Deborah Hughes Hallett is Professor of Mathematics at the University of Arizona and Adjunct Professor of Public Policy at the Harvard Kennedy School. With Andrew M. Gleason at Harvard, she organized the Calculus Consortium based at Harvard, which brought together faculty from a wide variety of schools to work on undergraduate curricular issues. She is regularly consulted on the design of curricula and pedagogy for undergraduate mathematics at the national and international level and she is an author of several college level mathematics texts. In 1998 and 2002 and 2006, she was co-chair of the International Conference on the Teaching of Mathematics in Greece and Turkey, attended by several hundred faculty from about 50 countries. She has designed courses in Brunei, Colombia and Niger. She was awarded the Louise Hay Prize and elected a fellow of the American Association for the Advancement of Science for contributions to mathematics education. Her work has been recognized by prizes from Harvard, the University of Arizona, and as national winner MAA Award for Distinguished Teaching and AMS Award for Impact on the Teaching and Learning of Mathematics in 2022.

Harnessing the Curiosity of Today’s Students—Tomorrow’s Decision Makers

Sunday June 4, 2023 | 11am - 12pm

Data illuminates many of the world’s challenges—climate change, pandemics, inequality, injustice, recessions.

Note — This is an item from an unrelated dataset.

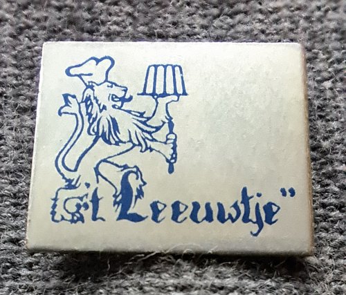 ‘t LeeuwtjeAchtergrond: Zilver, Blik / Metaal, Gebruikt, Horeca / uitgaan, Leeuw / tijger / panter, Nederland, Opdruk: BlauwRestaurant / koksmuts
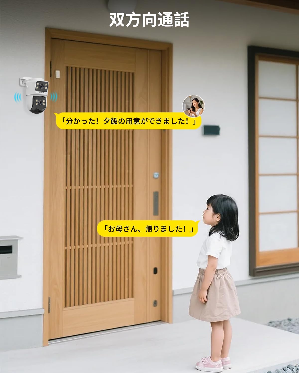 - {双方向通話} 内蔵マイク&スピーカーで、スマホからその場にいるように通話が可能。 玄関先での応答や、遠隔からの声かけにも便利です。外出先からでも家の中の家族やペットに声をかけることができます。これにより、まるで家にいるかのような安心感を提供し、コミュニケーションも取りやすくなります。

Yet over the past few years there has been an uptick in skepticism: climate denial, vaccine hesitancy, and disinformation. What is the role of mathematics in these debates? This talk will argue that mathematics should embrace a major role.  Engaging future citizens with data is our business—and arguably our responsibility—and certainly it is in the interest of society.  

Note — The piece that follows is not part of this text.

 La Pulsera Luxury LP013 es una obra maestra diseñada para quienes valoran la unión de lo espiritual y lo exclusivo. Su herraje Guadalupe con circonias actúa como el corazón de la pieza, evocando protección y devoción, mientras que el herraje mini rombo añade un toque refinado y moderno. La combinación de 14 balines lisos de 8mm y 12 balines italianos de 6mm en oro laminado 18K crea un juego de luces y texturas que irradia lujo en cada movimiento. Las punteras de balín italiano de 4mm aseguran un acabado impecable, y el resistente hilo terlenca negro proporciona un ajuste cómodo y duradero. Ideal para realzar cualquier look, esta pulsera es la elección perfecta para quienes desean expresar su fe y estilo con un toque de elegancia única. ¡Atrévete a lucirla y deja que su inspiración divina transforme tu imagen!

How do we engage students in understanding and critiquing data?  We have a powerful ally in students’ curiosity. While curiosity can’t be dictated, it can be harnessed!  Students see the world through their own lenses, yet we all share the same data. Harnessing their natural curiosity to gain insight into the worlds challenges showcases the mathematical sciences as central to the students’ and the world’s future.